With school out of session, many local children lose their main source of nutrition, since Columbus City Schools serve free lunch to all students.

To fill that gap, some library branches, through meals provided by the city’s Recreation and Parks Department, have been offering free lunches during the summer for 18 years. Last year, they served 30,000 free lunches and snacks, providing food for ages newborn to 18 at a cost of more than $60,000.

The cost per lunch this year is $3.65, and 85 cents per snack, said Julie Pruett Bishop, the parks department’s food office supervisor.

Fifteen branches are offering free lunch this summer, and some offer a free snack. All children can attend, with no library card required.

Before the program, Clifford said children often would come to the library’s staff and say, “I’m hungry!”

“It’s nice knowing they’re getting fed,” she said.

Clifford has worked for Columbus libraries since 1987. She started her career shelving books and worked her way up the library system. Now, she oversees youth programs at the Hilltop branch.

According to Clifford, Columbus library staff provide children important “developmental assets” beyond books. These assets can be something as simple asknowing a child’s name, or as Clifford says, being a positive and consistent influence in their lives.

“Some children just don’t have that,” Clifford added.

Youth services manager Laura Johnson oversees free lunches and snacks at the Linden branch. Like Clifford, she agrees that this service is “critical to their learning and development.”

Johnson sees many of the same children during the free lunches. As more kids arrive during the summer, the library will make sure everyone has a meal and will adjust upward the number of lunches it provides.

Linden offers lunch and an afternoon snack five days a week. It also offers a snack on Saturdays.

Each lunch is a well-rounded meal, such as a turkey sandwich, fruit cup, fruit juice and chocolate milk. A typical snack is fruit juice and crackers. According to Johnson, all meals are free of pork and peanuts.

While most children attend lunch on their own, some show up with their parents.

Kayla Lloyd, 29, was at Hilltop’s lunch on Thursday with her children, 6-year-old Jaxon and 4-year-old Lucas. The family usually attends every local free event they hear about.  

Lloyd is a single mother who is studying data analytics at Columbus State Community College. She also works as a data analyst at the Ohio History Connection.

And on top of her own schooling, she’s home-schooling Jaxon and Lucas.

Jaxon suffers from severe food allergies involving gluten, soy, egg and peanut products.
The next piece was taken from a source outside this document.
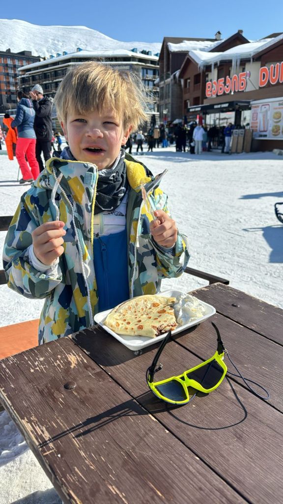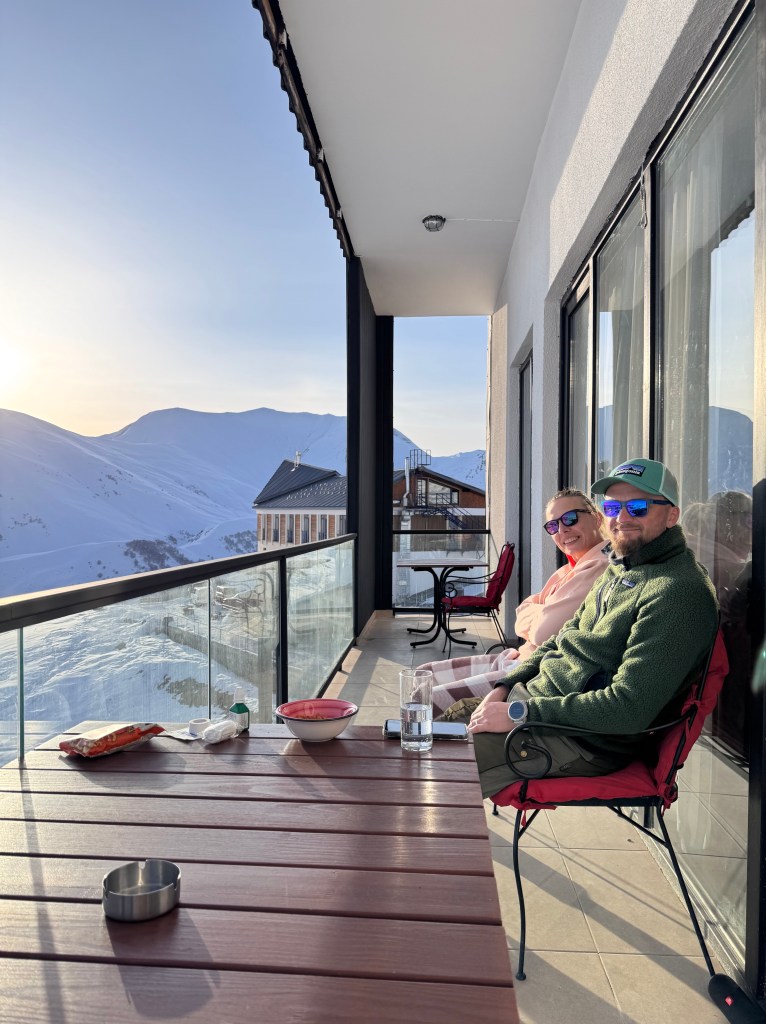 Eenmaal aangekomen in het skiresort (Gudauri, zo’n 40km van de Russische grens in het Kaukasusgebergte), kwamen we in een sfeer dat sterk op een Frans skiresort lijkt. Overal hotelletjes, appartementsgebouwen, barrekes en restaurantjes.

Because of his dietary needs, he can eat only very specific — and often expensive — food that has no chance of triggering an adverse reaction.

But that isn’t always an option for Lloyd, so she relies on food pantries, food stamps and free lunches to ensure that her children get the nutrition they need.

“So much of my budget goes to food,” Lloyd said. “I basically survive off of strawberries and bananas.”

Parents and caregivers who want to take advantage of the summer lunch program can visit the Columbus Metropolitan Library’s event webpage.